▶ [Requirement] Leaving out pictures, output exactly the lines below from the one that has "SERVICES Landscaping Turfing" through the one that has "haben | 339 |", and nothing else.

▶ [Data shown]
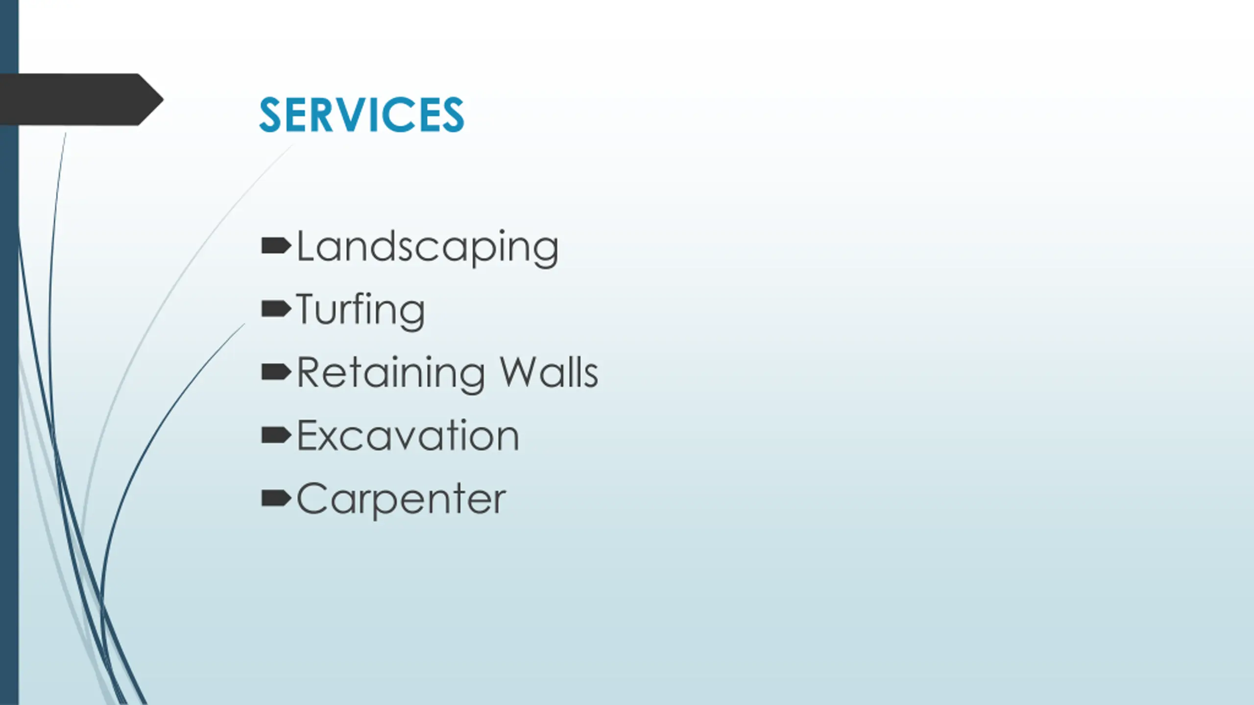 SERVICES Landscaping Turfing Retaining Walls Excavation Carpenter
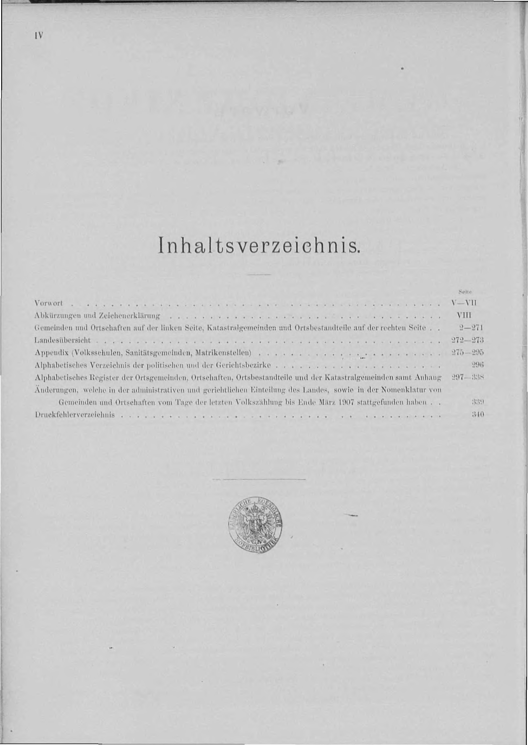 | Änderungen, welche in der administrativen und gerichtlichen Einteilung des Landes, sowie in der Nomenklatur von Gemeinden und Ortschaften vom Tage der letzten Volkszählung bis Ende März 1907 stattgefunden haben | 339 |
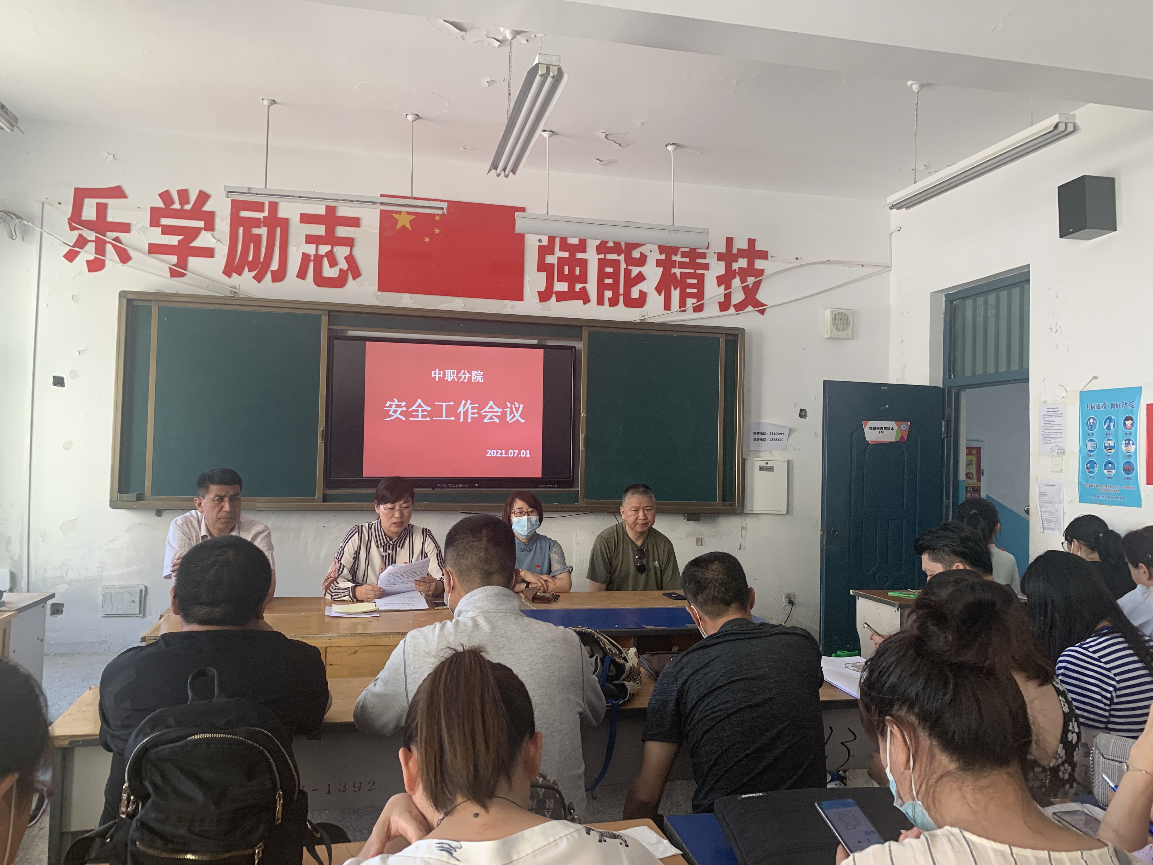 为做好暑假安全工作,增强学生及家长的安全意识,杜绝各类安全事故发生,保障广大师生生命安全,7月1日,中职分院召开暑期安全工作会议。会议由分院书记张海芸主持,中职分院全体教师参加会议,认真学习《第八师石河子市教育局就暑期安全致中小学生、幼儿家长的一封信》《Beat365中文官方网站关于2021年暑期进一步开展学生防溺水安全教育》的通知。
...
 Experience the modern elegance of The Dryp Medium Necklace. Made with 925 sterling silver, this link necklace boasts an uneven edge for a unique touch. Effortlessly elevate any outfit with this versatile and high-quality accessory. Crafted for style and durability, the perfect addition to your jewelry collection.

▶ [Answer to this problem]
 SERVICES Landscaping Turfing Retaining Walls Excavation Carpenter
 | Änderungen, welche in der administrativen und gerichtlichen Einteilung des Landes, sowie in der Nomenklatur von Gemeinden und Ortschaften vom Tage der letzten Volkszählung bis Ende März 1907 stattgefunden haben | 339 |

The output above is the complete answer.